What to produce: With the pictures left out, write out exactly the lines of the listing below that run from the line with "Découvrez FILTRE A" through the line with "像這款迷笛裙,相比A字短裙,營造的風格更".

Source data:
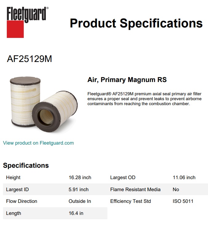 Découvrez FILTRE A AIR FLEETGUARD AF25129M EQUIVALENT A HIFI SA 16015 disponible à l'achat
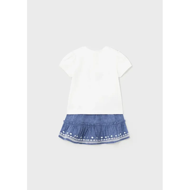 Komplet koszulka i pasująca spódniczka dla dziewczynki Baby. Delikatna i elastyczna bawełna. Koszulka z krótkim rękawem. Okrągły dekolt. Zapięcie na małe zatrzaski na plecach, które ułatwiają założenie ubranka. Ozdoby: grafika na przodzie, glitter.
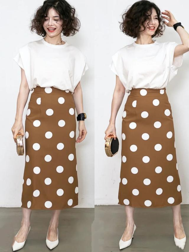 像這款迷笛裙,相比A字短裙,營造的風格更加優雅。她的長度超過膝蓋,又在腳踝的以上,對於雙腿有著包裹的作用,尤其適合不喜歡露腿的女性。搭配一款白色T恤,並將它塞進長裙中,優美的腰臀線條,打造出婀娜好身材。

==

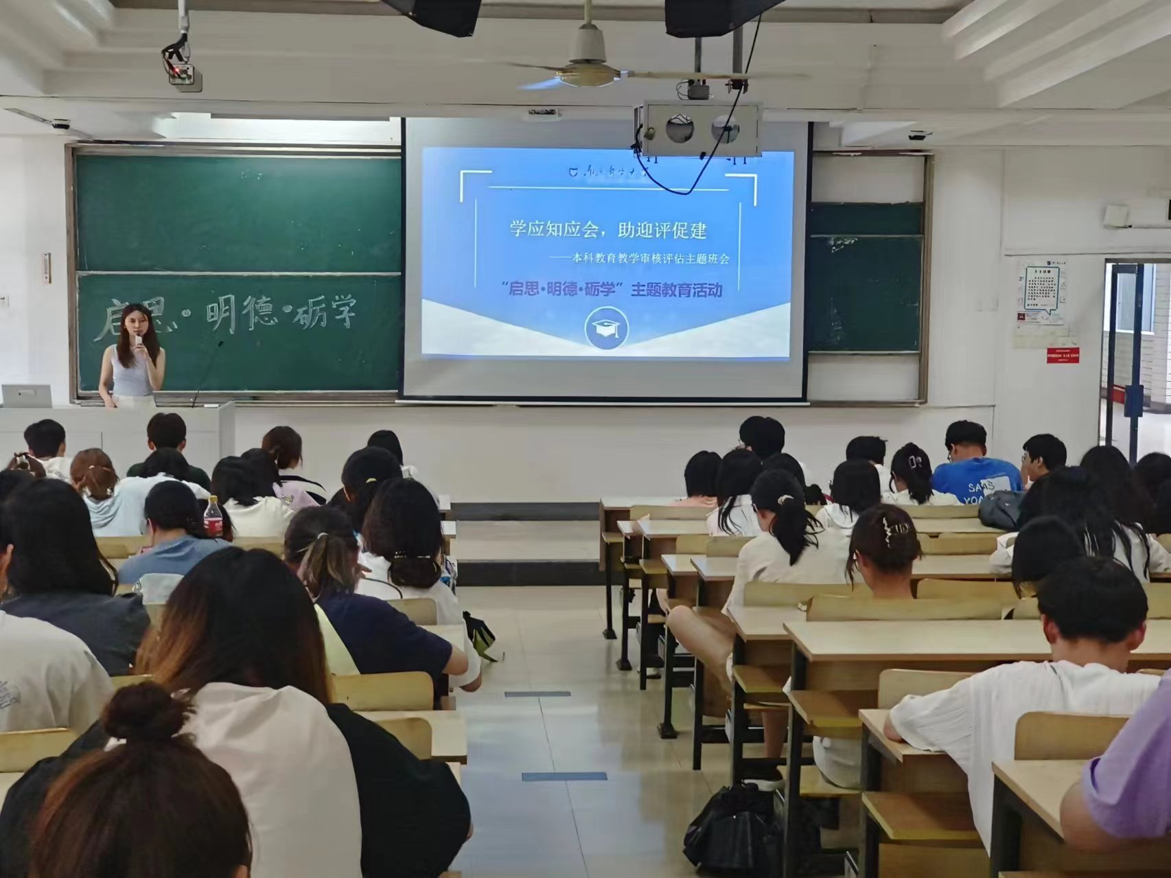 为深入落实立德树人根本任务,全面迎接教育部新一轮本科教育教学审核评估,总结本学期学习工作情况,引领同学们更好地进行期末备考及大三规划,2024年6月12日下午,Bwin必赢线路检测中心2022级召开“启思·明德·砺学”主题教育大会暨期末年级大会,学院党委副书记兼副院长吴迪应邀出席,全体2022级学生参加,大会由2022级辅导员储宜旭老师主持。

Task result:
 Découvrez FILTRE A AIR FLEETGUARD AF25129M EQUIVALENT A HIFI SA 16015 disponible à l'achat
 Komplet koszulka i pasująca spódniczka dla dziewczynki Baby. Delikatna i elastyczna bawełna. Koszulka z krótkim rękawem. Okrągły dekolt. Zapięcie na małe zatrzaski na plecach, które ułatwiają założenie ubranka. Ozdoby: grafika na przodzie, glitter.
 像這款迷笛裙,相比A字短裙,營造的風格更加優雅。她的長度超過膝蓋,又在腳踝的以上,對於雙腿有著包裹的作用,尤其適合不喜歡露腿的女性。搭配一款白色T恤,並將它塞進長裙中,優美的腰臀線條,打造出婀娜好身材。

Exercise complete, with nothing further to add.